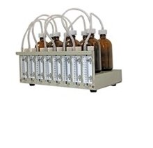 使用870型直讀BOD5測(cè)定儀,將預(yù)先選好量程并按量程范圍量好體積的水樣倒入培養(yǎng)瓶中,在BOD5測(cè)定儀主機(jī)攪拌器上連續(xù)攪拌。并將主機(jī)和培養(yǎng)瓶放入培養(yǎng)箱中。調(diào)節(jié)培養(yǎng)箱內(nèi)溫度為20℃±1℃,待樣品恒溫后進(jìn)行五日培養(yǎng)。培養(yǎng)瓶中的水樣在連續(xù)攪拌的情況下保證了足夠的溶解氧供微生物進(jìn)行生化反應(yīng)。水樣中的有機(jī)物經(jīng)過(guò)生物氧化作用,轉(zhuǎn)變成氮、碳和硫的氧化物。在這一過(guò)程中,從水樣中溢出的*氣體二氧化碳被氫氧化鈉(或氫氧化鉀)吸收。此時(shí),培養(yǎng)瓶中空氣壓力減少量,相當(dāng)于微生物所消耗的溶解氧含量,即水樣BOD5值與瓶中空氣壓力減少的程度成正比,所以BOD5的值可以由空氣壓力減少值來(lái)測(cè)定,增加或減少所取樣品的量可以增加或降低壓力減少值。這樣操作者就能準(zhǔn)確測(cè)量很寬范圍的BOD5值。培養(yǎng)瓶中空氣壓力的變化是通過(guò)壓力計(jì)中汞柱高度的變化來(lái)進(jìn)行檢測(cè)的,通過(guò)簡(jiǎn)單的計(jì)算即能讀出水樣的BOD5值。
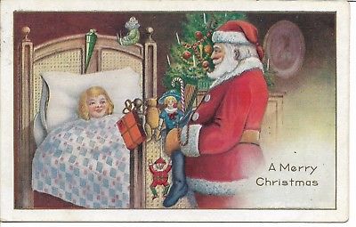 Title (ebay affiliate link): Vintage Christmas Postcard Santa Watching Child in Bed 1916
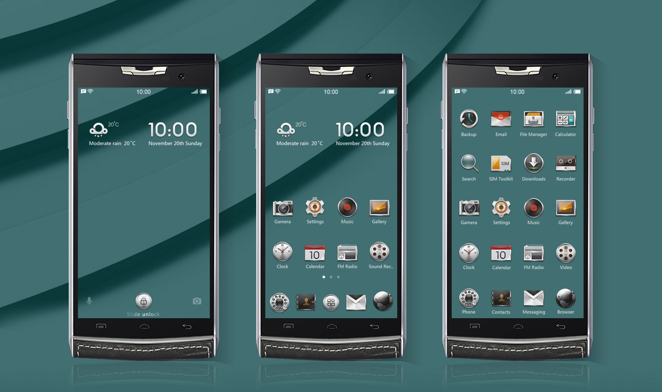 唯可可為DOOGEE T3深度定制設(shè)計(jì)了一 套輕奢簡(jiǎn)潔華麗的界面。從前期視覺(jué)的探 索到產(chǎn)品的定位與概念設(shè)計(jì),我們基于T 3的輕奢,獨(dú)特,雙屏、鋒銳的等等特性 ,展開(kāi)了系列的概念發(fā)散。
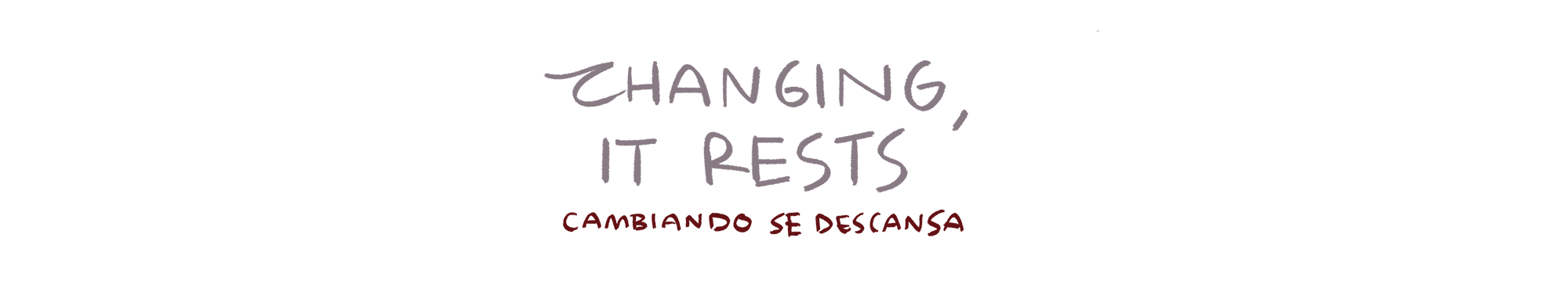 Basada en el aforismo de Heráclito “Cambiando se descansa” esta pieza está conformada por un dibujo físico y una animación digital. La cosmología de Heráclito, en general, habla sobre cómo todo en la vida y la naturaleza está en constante cambio, así que prácticamente no seríamos siempre las mismas personas o como él planteaba “Ningún hombre puede cruzar el mismo río dos veces, porque ni el hombre ni el agua serán los mismos.” La animación, al mismo tiempo, es una disciplina donde la transformación es clave, sin embargo, es por medio de los descansos que podemos apreciar mejor estos cambios.
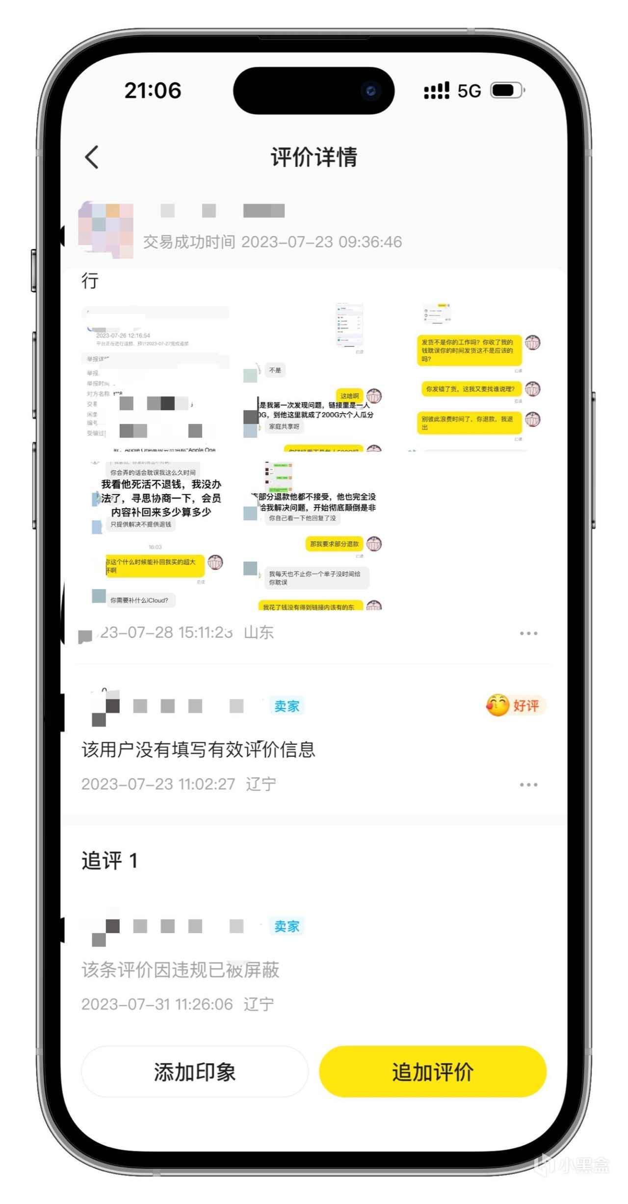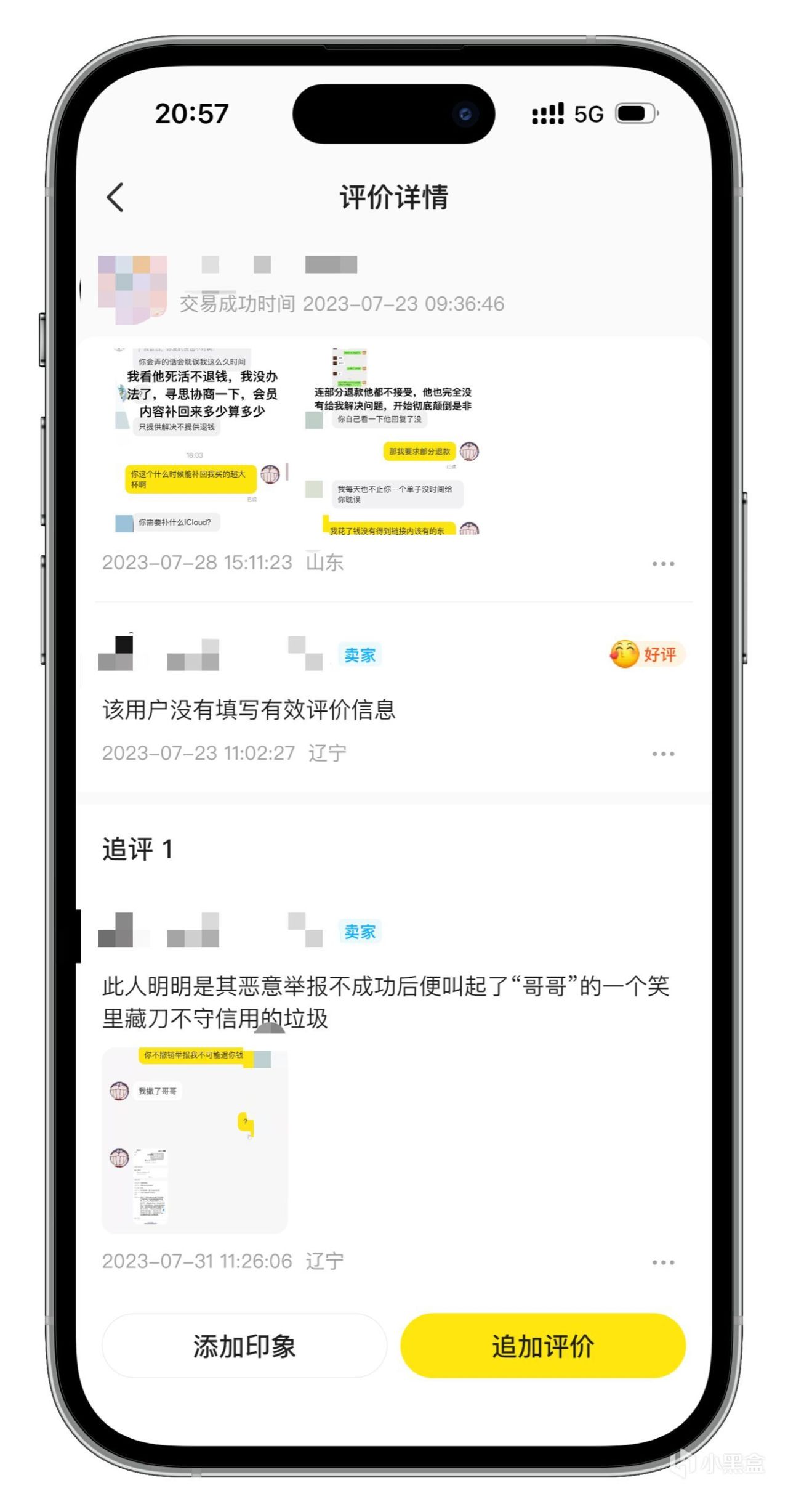 关于交易评价的违规行为就相对来说隐蔽一些,因为闲鱼默认是没有追评提醒的。商家如果在你的交易评价追评对你进行辱骂诬陷,你是不知道的。
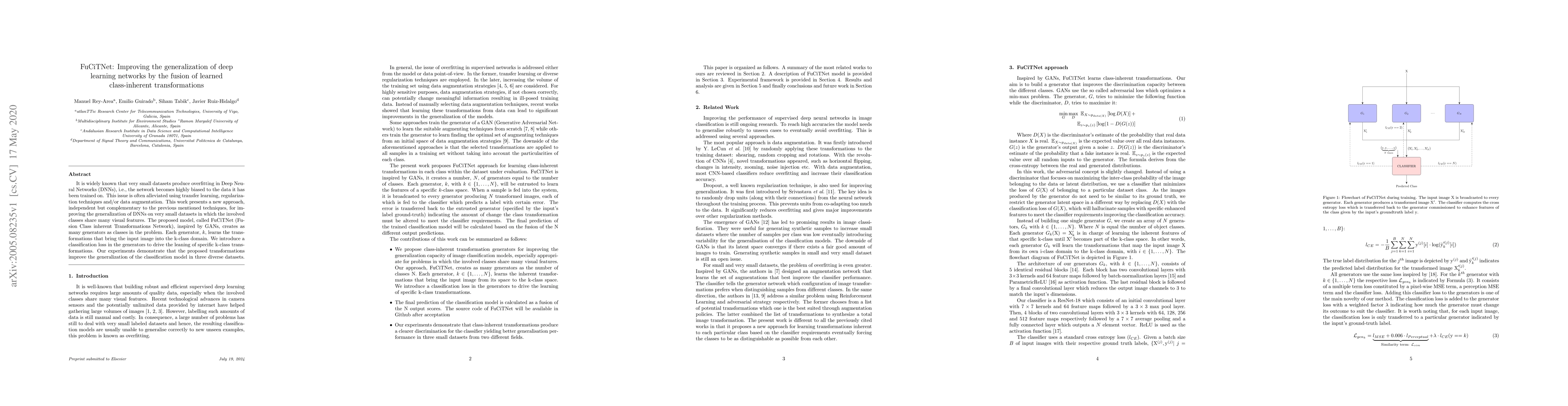 FuCiTNet introduces a novel approach to enhance the generalization of Deep Neural Networks on small datasets by learning class-specific transformations. This method, independent of transfer learning and data augmentation, shows improved performance across three diverse datasets.
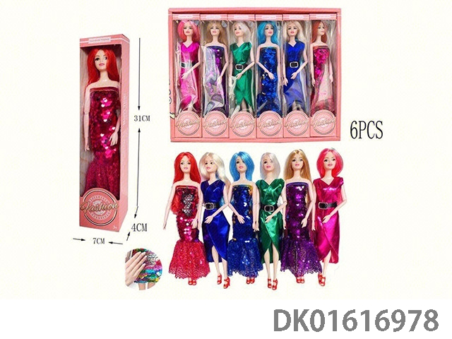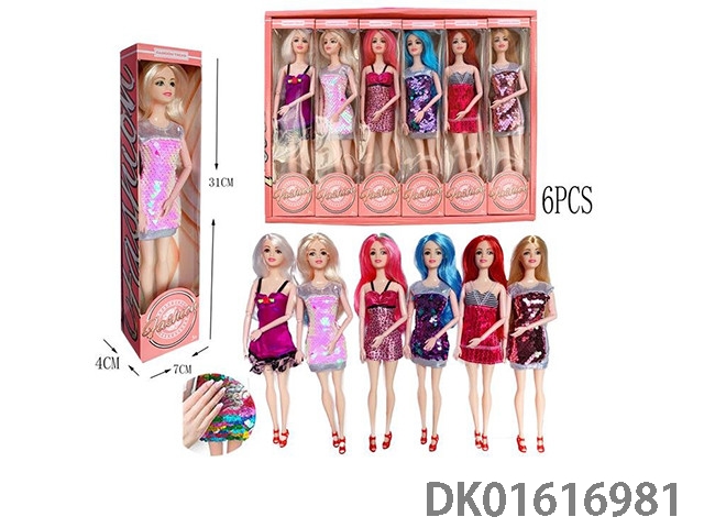 11.5寸6款混装多关节实身3款可拨动亮片时装芭比(6pcs)
★ ★ ★ ★
* Task: Output exactly, and only, the lines of the entries above from the one with "Title (ebay affiliate" up to and including the one with "唯可可為DOOGEE T3深度定制設(shè)計(jì)了一 套輕奢簡(jiǎn)潔華麗的界面。從前期視覺(jué)的探"; pictures are to be left out.

* Exercise solution:
 Title (ebay affiliate link): Vintage Christmas Postcard Santa Watching Child in Bed 1916
 唯可可為DOOGEE T3深度定制設(shè)計(jì)了一 套輕奢簡(jiǎn)潔華麗的界面。從前期視覺(jué)的探 索到產(chǎn)品的定位與概念設(shè)計(jì),我們基于T 3的輕奢,獨(dú)特,雙屏、鋒銳的等等特性 ,展開(kāi)了系列的概念發(fā)散。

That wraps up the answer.